Process: Melt butter and oil in large sauce pan over low heat. Add onions and cook stirring until wilted, sprinkle ginger, and mace then stir for 1 minute. Add carrots, broth and orange zest. Bring to a boil, reduce heat, and simmer partially covered 20 minutes and cool. Then puree in food processor or Magic Bullet, stir in orange juice, salt and pepper. Serves 8.
Cauliflower Fried Rice Bowl
Ingredients: 3 cups raw grated cauliflower, ½ cup frozen peas, ½ cup thinly sliced carrots, 3 or 4 garlic cloves, ½ cup diced onion, ½ tablespoons. olive oil, 2 eggs scrambled and 3 tablespoons soy sauce.
Process: In large pan, sauté garlic and onions in olive oil on medium heat until onions become soft and transparent, Next add in peas, carrots and cook until carrots soften and peas are heated through for 3 to 4 minutes. Next stir in scrambled eggs, cauliflower and soy sauce cooking for 5 to 7 more minutes. Now add in your favorite protein and vegetable like broccoli, cabbage, bok choy, chicken, tofu, and salmon.
Made with apples, berries, cinnamon, oatmeal, ½ cup margarine, and brown sugar. Put fruit on bottom and add mixture to top and bake at 350 for a half hour.
Green Veggie Shake
Blend in magic bullet 1 carrot, 1 cup spinach, 1 apple, and 1 cup broccoli with 1 teaspoon ginger with 1 cup nonfat yogurt or 1% milk (a great way to get all your fruits and veggies for one day). If cold out, heat it up as a soup, if hot out drink it as a shake.
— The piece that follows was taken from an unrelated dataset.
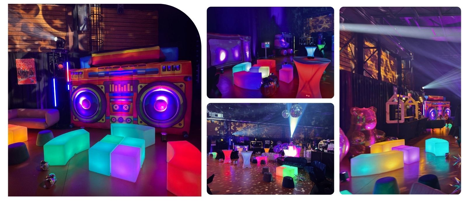 Pour compléter la décoration, nous mettons à votre disposition du mobilier lumineux moderne, parfaitement adapté aux événements festifs :
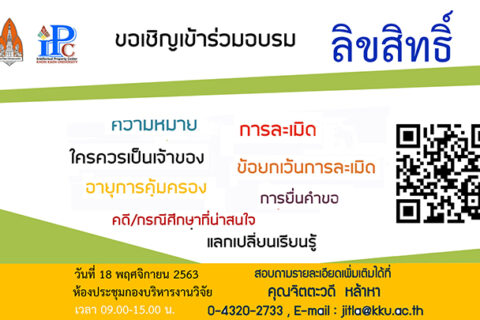 [[ประชาสัมพันธ์]] ขอเชิญเข้าร่วมโครงการอบรม “ลิขสิทธิ์” ศูนย์ทรัพย์สินทางปัญญา มข. ขอเชิญ อาจารย์ นักศึกษา นักวิจัย บุคลากรมหาวิทยาลัยขอนแก่น เข้าร่วมโครงการ การอบรม “ลิขสิทธิ์” ในวันพุธที่ 18...

Ingredients: 3 tab butter, 4 garlic cloves, 1 ½ tablespoons ginger, 1 chopped onion, 2 tablespoons curry powder, ½ teaspoon turmeric powder, ½ teaspoon cayenne pepper, 1 ¼ teaspoons salt, ½ teaspoons pepper, 1 cup dried lentils, 14 ounces of milk, 14-ounce can diced tomatoes, 3 cups water.
Process: Sauté onion, with butter, garlic and ginger. Cook stirring until onion is gold. Cook off spices of curry powder and turmeric for 1 ½ minutes, add all rest of ingredients and stir. Bring to a simmer then place lid on and adjust heat to low for a gentle simmer for 30 minutes, then remove lid and simmer for another 10 minutes. (Lentils should be soft, sauce thick and creamy.) Serve with rice and nonfat Greek yogurt. Top with chopped cilantro.